The kinetic features of human granulocyte elastase, chymotrypsin, porcine pancreatic elastase and elastomucoproteinase were compared. Amino acyl ester substrates were assayed and Km and kcat values were defined. Aldehyde analogues of the p-nitroanilide substrates designed for granulocyte elastase as optimal for Km appeared to be potent inhibitors. Suc-D-Phe-Pro-valinal (Ki = 40 microM) was found to inhibit granulocyte elastase competitively and specifically when measured with synthetic substrates, and the Ki was 3 microM with the natural protein substrate, elastin.

Design and synthesis of peptide inhibitors of blood coagulations.

Inhibition of blood coagulation by peptide aldehydes has been studied. Amino acid sequences were assembled from the P1-P2 portion of the cleavage sites(s) of clotting factors and residues selected experimentally. The thrombin-fibrinogen reaction could effectively be inhibited by D-Phe-Pro-Arg-H (GYKI-14,166) and Boc-D-Phe-Pro-Arg-H (GYKI-14,451). Plasmin digestion of fibrin could be retarded by Boc-Gln-Phe-Lys-H (GYKI-14,605) derived from a susceptible fragment, i.e. Asn-Phe-Lys decreases to Ser. However, such peptides could not retard the zymogen activations proceeding in Ca++ complexes (which seemed to be uneffected by heparin-antithrombin III, too). Inhibition of enzymes by peptide aldehydes showed marked substrate dependence.

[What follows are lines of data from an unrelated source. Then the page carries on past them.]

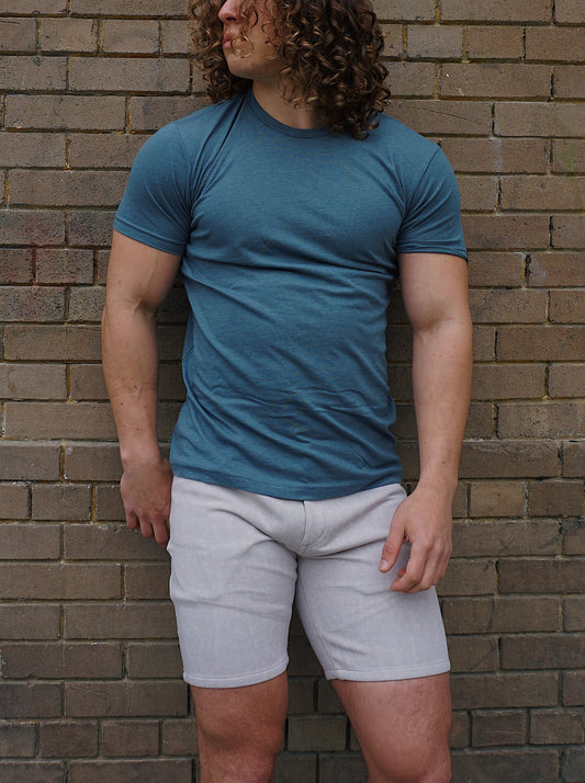 ROLO BASIC CREW NECK T-SHIRT - HEATHER COLOMBIA BLUE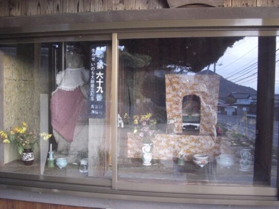 交差点右に入ったところすぐ右に、柏崎新開公民館の敷地内に多賀大明神の小さな 祠と嘉川観音霊場69番 が一緒に収められています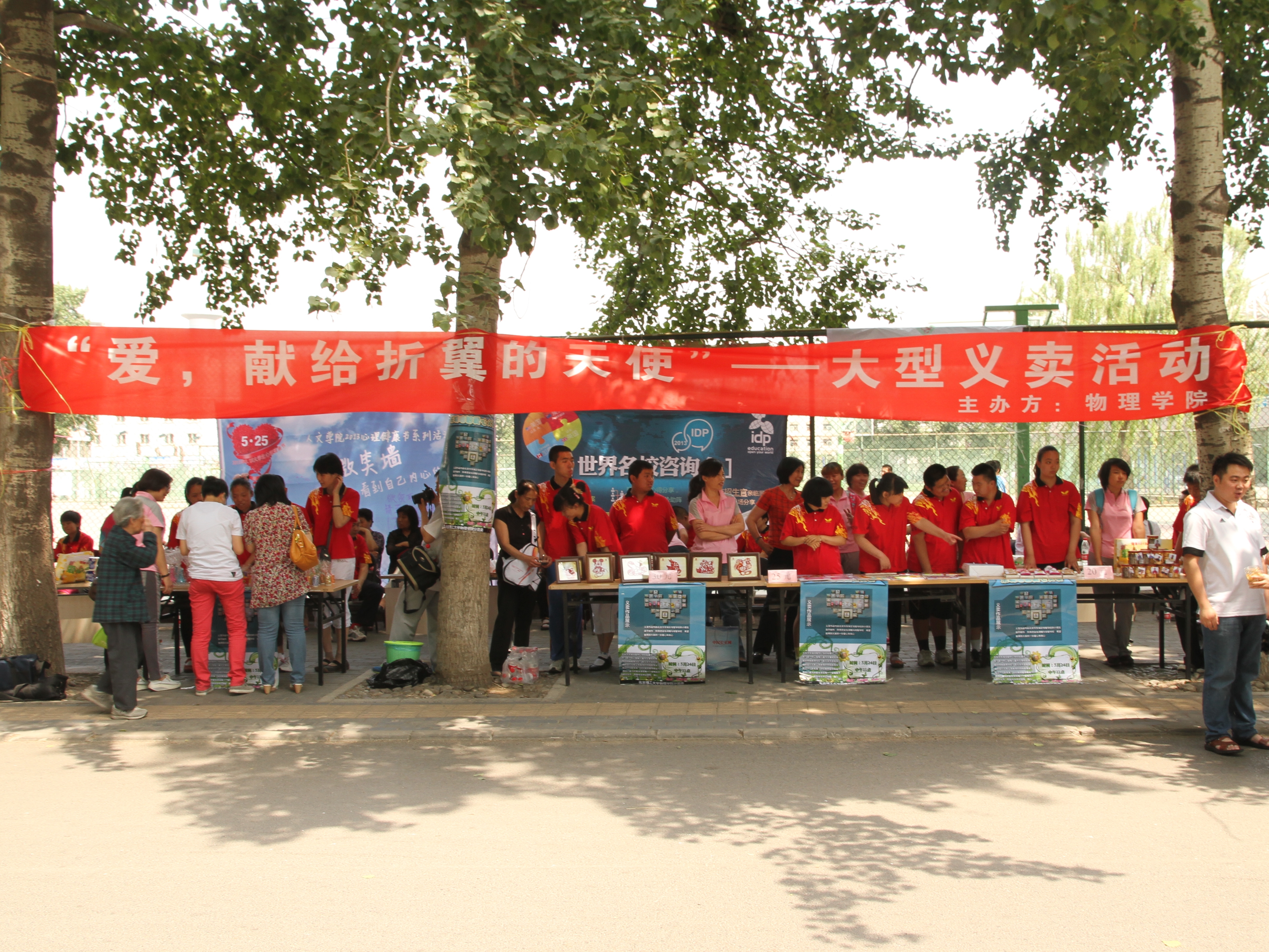 2013年5月24日,爱心传递系列活动之——“智障学生手工艺品义卖”在我校顺利举行。活动当天,来自培智学校的学生带着自己亲手制作的软陶笔筒、花瓶、手机套、剪纸、曲奇饼干等作品,也带着对大学的憧憬和梦想来到校园。菁菁校园也因为他们的到来更平添人文关怀和感恩之情,老师和同学挑选自己喜爱的作品,并和智障学生交流和沟通,给予他们鼓励和温暖。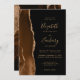 Modern Mocha Brown Gold Agate Dark Wedding Invitation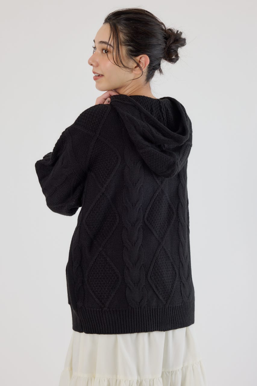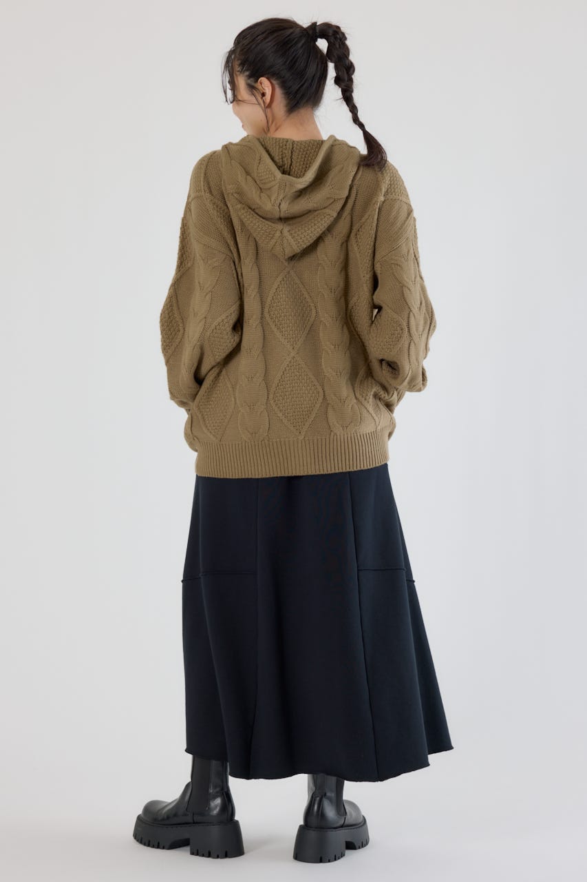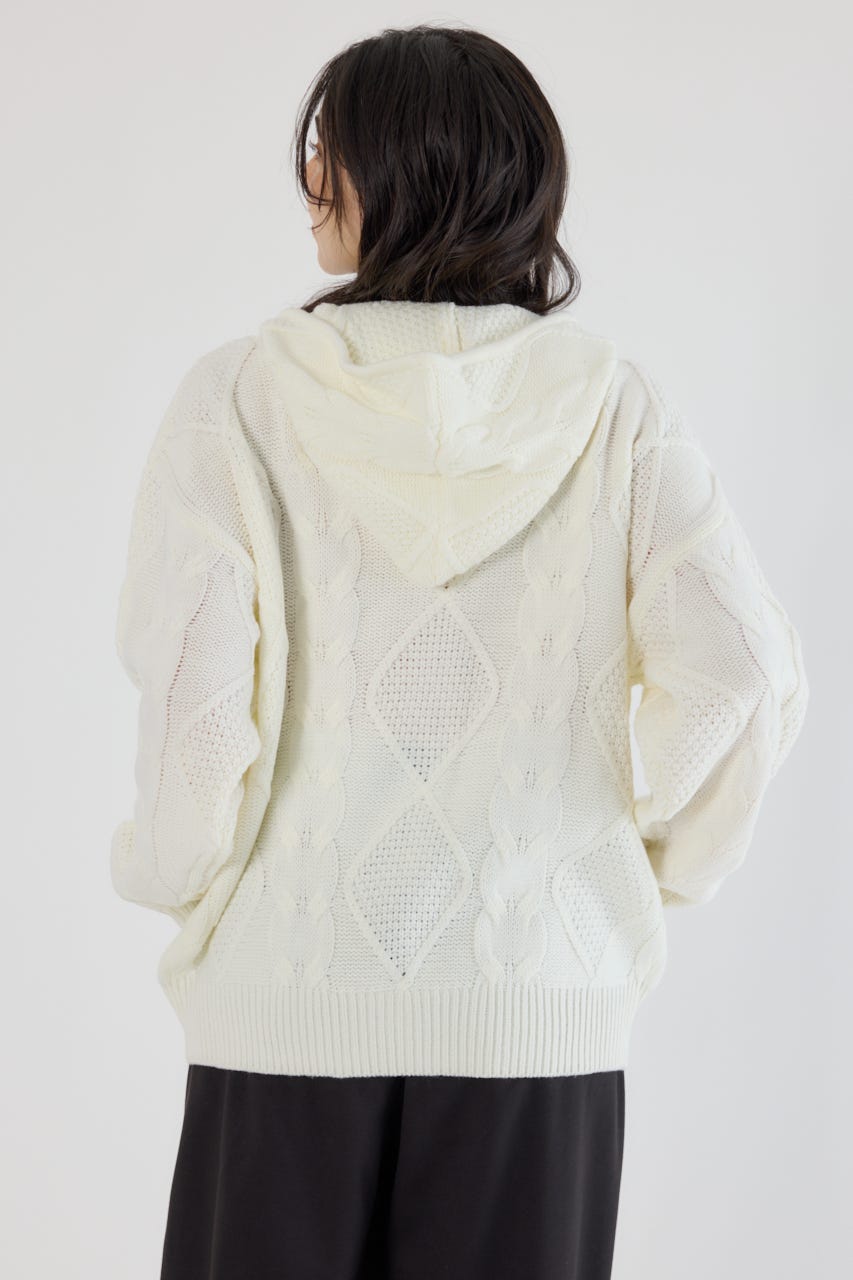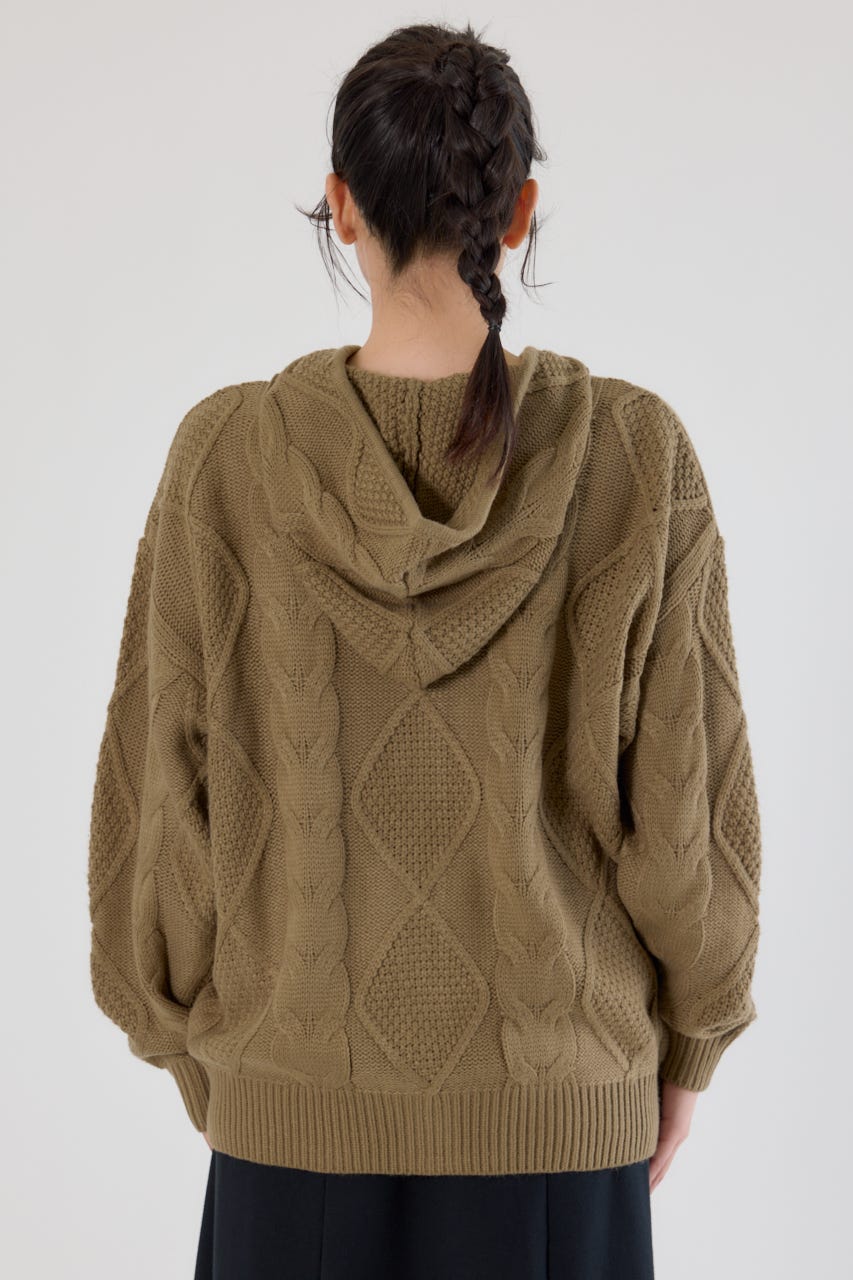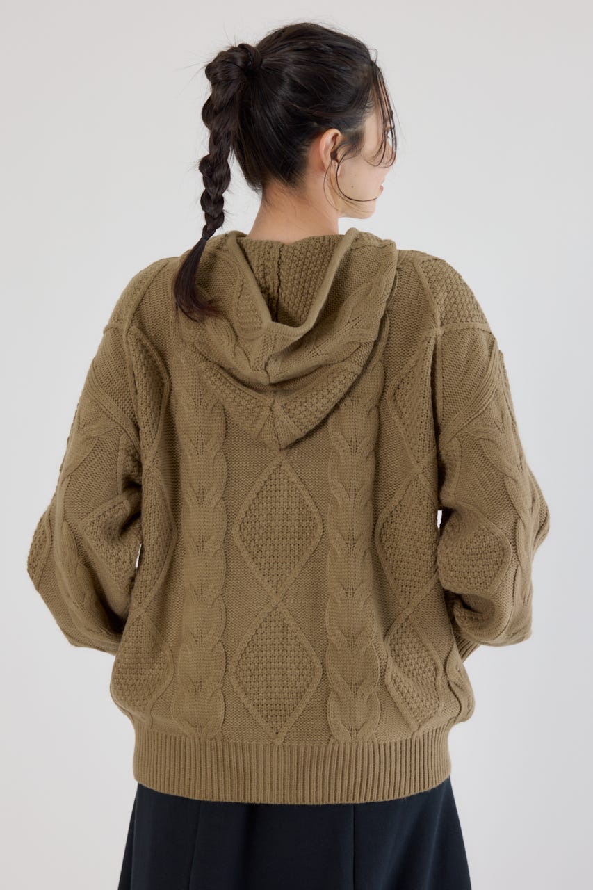 立体感のあるケーブルが目を引くニットジップフーディー。

Inhibition of thrombin and trypsin by tripeptide aldehydes.

Inhibitory effects of certain tripeptide aldehydes on both thrombin and trypsin have been found to be strongly substrate-dependent. These compounds should therefore be considered as inhibitors of the particular proteolytic reaction for which they had been designed rather than real enzyme inhibitors, i.e. protein or polypeptide proteinase inhibitors of natural origin.